The true challenge is in curatorial practice itself within the contemporary art world, as it constantly leads you to individual work. That is why I am interested in collaborating with different people. In your own case, for example, you contribute your interest in creating living-memory instruments through your website that centers oral history, doing the incredibly important job of recollecting voices. In the same manner, we have been part of an extensive process of learning and reflecting, parting from our experience as migrants, collective readings and our trip to El Salvador together. That is one of the key points to collaborating with different artists, curators, activists, historians, poets, and theorists: learning and activating the intergalactix.

The selection process has actually been more self-selective, as I toy with leaving behind the traditional curatorship model; that of the erudite connoisseur. Collective collaborations have taken me to establish important working and learning relationships with artists such as Tanya Aguiñiga, Cognate Collective and Beatriz Cortez. They all differ in their creative processes and in their reflective and critical approaches; they have a robust track record and have worked on borders and migration for a long time—parting from their personal and community experiences—and yet they do not limit themselves to these themes. In the same way, I continue the process of collaborating with other artists that take part in this exhibition.

CP: Stemming from your theoretical stance, I am also curious in exploring your interest in perspectives that approach Gloria Anzaldúa’s Chicano feminist queer thought, Achille Mbembe’s postcolonial theories, and indigenous movements as tools to decolonize curatorial practice.

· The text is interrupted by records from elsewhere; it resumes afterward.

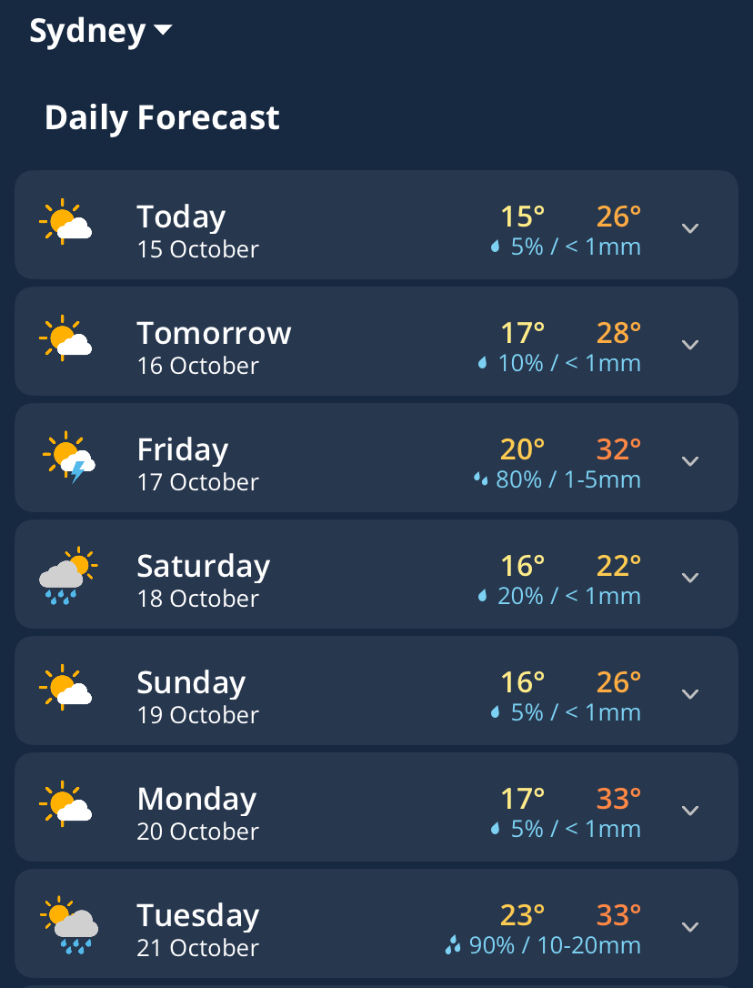Image: Sydney’s daily forecasts in the Weatherzone app showing more warm days ahead.
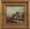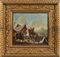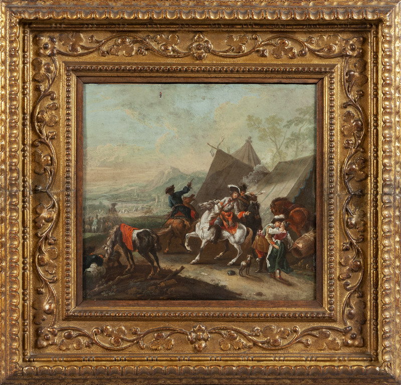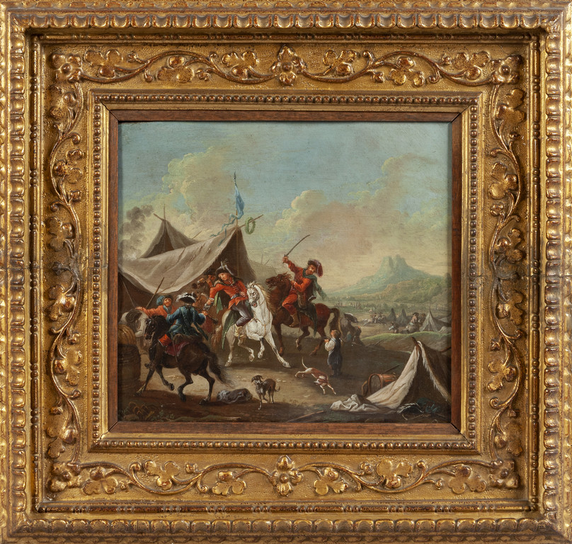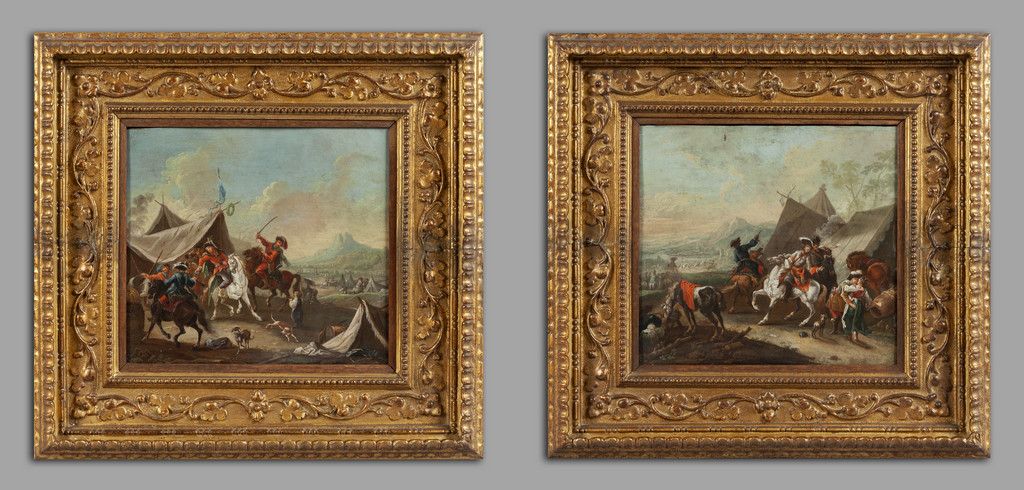 Scuola francese sec.XVIII 'Cavalieri nell'accampamento' coppia di olii su rame cornici in legno intagliato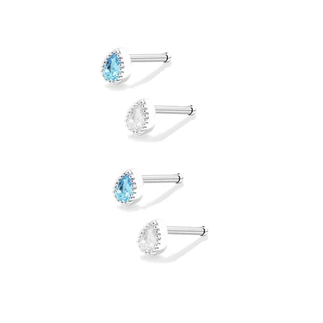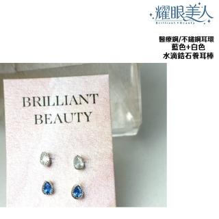藍色與白色水滴鋯石鑽養耳棒鈦閃耀/鈦鋼耳環四入(過爐款/女王節/造型美容美感品味)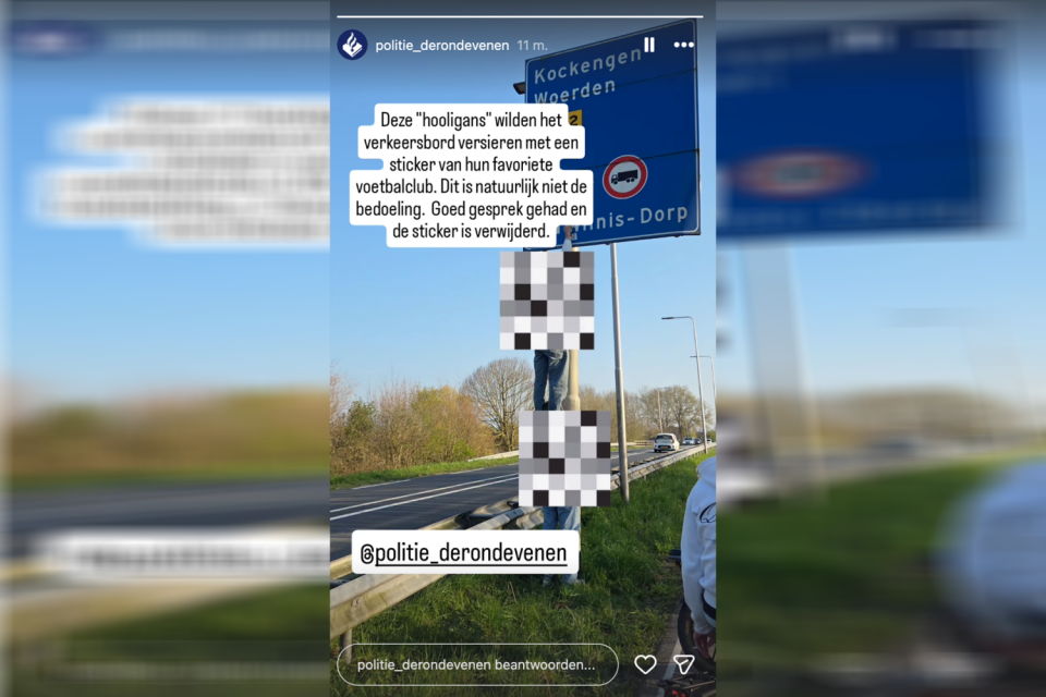De politie sprak de jongens toe en maakte duidelijk dat het beplakken van verkeersborden niet is toegestaan. De supporters moesten ter plekke de sticker verwijderen.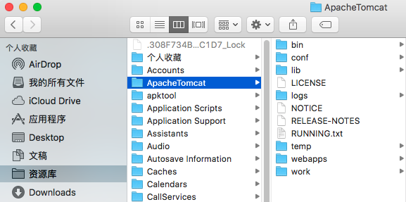 2.下載之后,將解壓后的的整個文件夾重新命名:ApacheTomcat(這個名字隨便起),然后放在一個文件目錄下,我把它放在了:/Users/電腦用戶名/Library下;
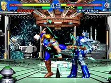 Avengers in Galactic Storm is mostly space-themed and plays similarly to other 2D versus fighting games during its release, which the player's character fights against his or her opponent in best two-out-of-three matches in a single player tournament mode with the computer or against another human player. The player has a character roster of eight playable fighters to choose from, each with their moves and fighting styles from the comics. The main unique feature of Avengers in Galactic Storm is the assistant character roster. Players choose both a playable character and an assistant to fight with before proceeding with the selected mode.[2][3] There are three types of bars above the fighting segments: health, power and assistant. If the health bar becomes empty, that character becomes knocked out. If the power bar becomes full, that character now has a chance to perform desperation moves. If one of the two assistant bars become full, that character can call out his or her assistant to briefly attack his or her opponent (up to two times) before they leave the stage.

DLQ: I think that it is impossible to analyze today’s migratory phenomenon without studying the various queer feminist Latinx texts that have arisen in the United States. Gloria Anzaldúa’s Borderlands/La frontera: The New Mestiza (1987)  is a cornerstone for understanding the world of those that have been historically marked by the border and its imposed nationalist dualities. Her theory is a poetics of political resistance, of spirituality and gender. I am interested in her focus on living without borders and instead inhabit the crossroads. In these crossroads is where I build the intergalactix, alliances, and possibilities for a coalition between different disciplines, groups, and schools of thought.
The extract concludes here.